Весь день Гришка Ходан слонялся по Карпову хутору, а вечером притащился в хату к Орачам.
— Выгнала меня Феня, — пожаловался он Ивану. — Карает, говорит, во мне бог твое семя. Муторно на душе: застрелю я кого-нибудь нынче... Зажег бы ты коптилку, что ли... Тьма душу тьмою наливает.
Без особой надобности свет в хате Орачей не зажигали, экономили керосин, который смешивали с бензином.
Зачадила коптилка. Багровое пламя колыхалось от дыхания притихших в напряжении людей, сидевших за столом.
Гришка увидел в углу небольшую икону.
— Исчезните, — приказал он братьям, уставившись на лик божьей матери.
Ивана с братом как ветром сдуло. Но любопытство, одолевшее страх, остановило их по ту сторону порога. В приоткрытую дверь Иван видел, как Гришка плюхнулся на колени и возвел руки кверху.
— Божья матерь, ты помоги моей Фене, — шептал он. — Что тебе стоит? А я обещаю — отныне комара на своей морде не трону. Ну помоги же! — властно требовал он.
Феня разродилась на третий день. Мальчишка был весь в нее: волосы темные, носик ровненький, с едва приметной горбинкой. Вот только разрез глаз — ходановский, да овал лица, особенно подбородок и лоб...
— Адольф Григорьевич Ходан! — нарек Гришка-полицай сына.
Ходан-старший, Филипп Авдеевич, никак не мог согласиться с таким именем.
— Придумал собачью кличку: Адольф Гитлер, Адольф Ходан... Ишь, куда гнет, сволота. Каково же мальчишке жить с таким собачьим прозвищем?
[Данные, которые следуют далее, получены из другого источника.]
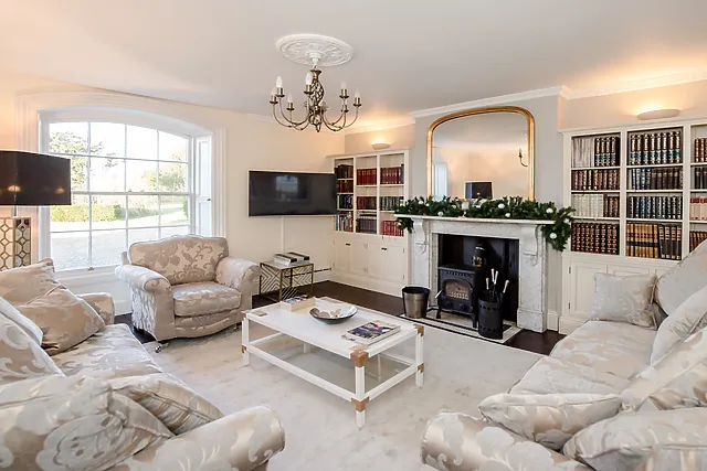 This is a luxurious Grade II listed country home, offering spacious and elegant living areas, multiple bedrooms, and a range of entertainment facilities, set within picturesque grounds.
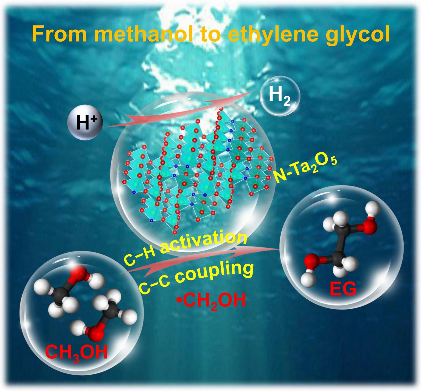 image: Direct photocatalytic coupling of methanol to ethylene glycol (EG) is highly attractive. The first metal oxide photocatalyst, tantalum-based semiconductor, is reported for preferential activation of C-H bond within methanol to form hydroxymethyl radical (* CH2OH) and subsequent C-C coupling to EG. The nitrogen doped tantalum oxide (N-Ta2O5) photocatalyst is an environmentally friendly and highly stable candidate for photocatalytic coupling of methanol to EG.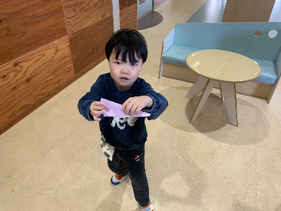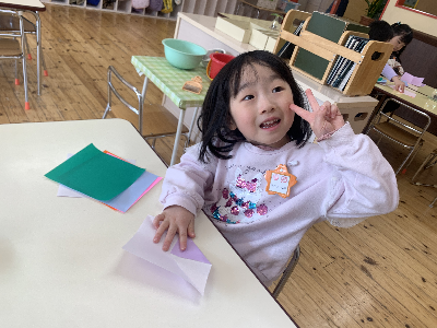 ポプラさんになった友達は早速難しい面体という作品を折り進め、得意げな姿も見せていました。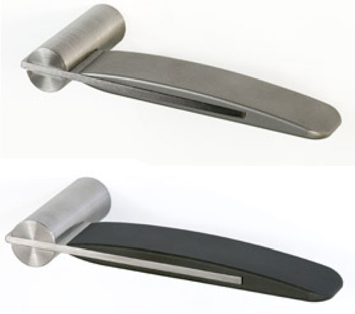 I have admired James Cutler's modern arts-and-crafts-inspired detailing and design for some time, and the introductory line exemplifies these traits drawing from the firm's custom detail designs for past projects. The product line currently includes designs made metal or a wood/metal combination: door-levers and knobs, drawer pulls, a door knocker, chairs, tables, etc. The designs are elemental and purposeful revealing construction and function in their form.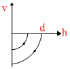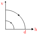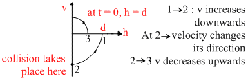 A ball is dropped vertically from a height d above the ground. It hits the ground and bounces up vertically to a height d/2. Neglecting subsequent motion and air resistance, its velocity v varies height h above the ground as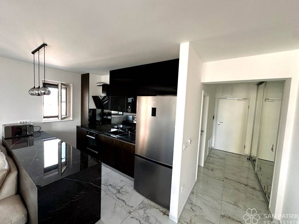 The penthouse includes two connected garage parking spaces, and residents can enjoy a fast Schindler elevator. Kitchen surfaces are made from high-temperature resistant porcelain, adding to the modernity and functionality of the space. The building's location is excellent, just 100 meters from the tram station and 5.7 km from the center of Zagreb, allowing residents easy access to all necessary amenities for a comfortable life.

Миновал месяц после родов. На Фенюшкиных щеках появился румянец, исчезли тяжелые подглазины, губы вновь налились малиновым соком. Выйдет, бывало, на высокое ходановское крыльцо и тихо напевает крохе. Иван подсядет к ней и зачарованно слушает ласковую песенку.
При виде застенчивого, неуклюжего в своей стеснительности парубка молодая женщина приветливо улыбнется и скороговоркой скажет сынишке:
— Ой, кто к нам в гости пришел! Иванушка, ясный сокол, к нам в гости пожаловал.
И опять запоет:
Люли, люли-люленьки,
Прилетели гуленьки...
Ну что оно, дитя, понимает? Поди, человеческий голос от скрипа старых дверей отличать не может. А мать знай ему ласково нашептывает. Голосок у нее нежный. Иван не может им насытиться, налюбоваться. Заплакать бы и одновременно рассмеяться.
Фенюшка, шамаханская царица, кроткая, добрая, ласковая, была для парнишки в те черные дни оккупации единственной его мечтой, его радостью и надеждой. Если бы судьба не поселила Фенюшку рядом с ним, через огороды, ее, такую чистую, надо было бы выдумать, взять из прочитанных книг, из ночных сновидений юноши, который мечтает о любви.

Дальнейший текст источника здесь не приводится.